- **Problem to work on**:
Can you set down, exactly as they appear below, the lines from the opening of the material through the one bearing "I kept my names", minus the pictures?

- **Exercise data**:
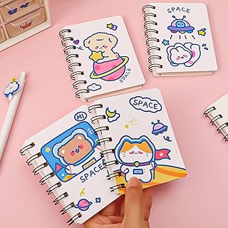 Sweet seven – ensemble de mini carnets de poche avec motif animal de dessin animé mignon – paquet de 4, cahier à spirale portable 3×4 avec papier vierge et ligné, y compris un mini journal intérieur de taille a7.
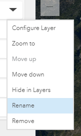 I kept my names for the scene layers pretty geeky and only I really know what the titles mean here. I can update the name of my layers in Scene Viewer by clicking Rename on the menu that opens by clicking on triangle on the layer. I can do this for my scene layers and elevation layers. If I see any of the layers out of order I can also use this menu or drag and drop to reorder them.
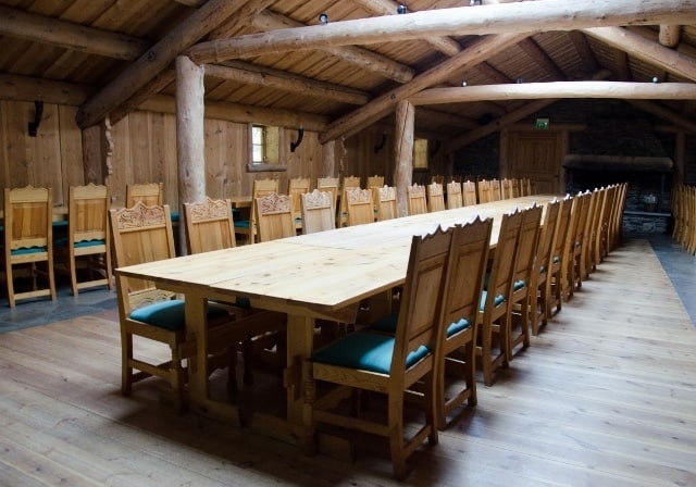 It’s a pleasant walk up and on reaching the summit the cabin appears on the edge of the mountaintop. It’s a spectacular construction of mainly wood and glass (no nails, screws or glue used – only wood plugs) affording stunning views.

- **Output of the task**:
 Sweet seven – ensemble de mini carnets de poche avec motif animal de dessin animé mignon – paquet de 4, cahier à spirale portable 3×4 avec papier vierge et ligné, y compris un mini journal intérieur de taille a7.
 I kept my names for the scene layers pretty geeky and only I really know what the titles mean here. I can update the name of my layers in Scene Viewer by clicking Rename on the menu that opens by clicking on triangle on the layer. I can do this for my scene layers and elevation layers. If I see any of the layers out of order I can also use this menu or drag and drop to reorder them.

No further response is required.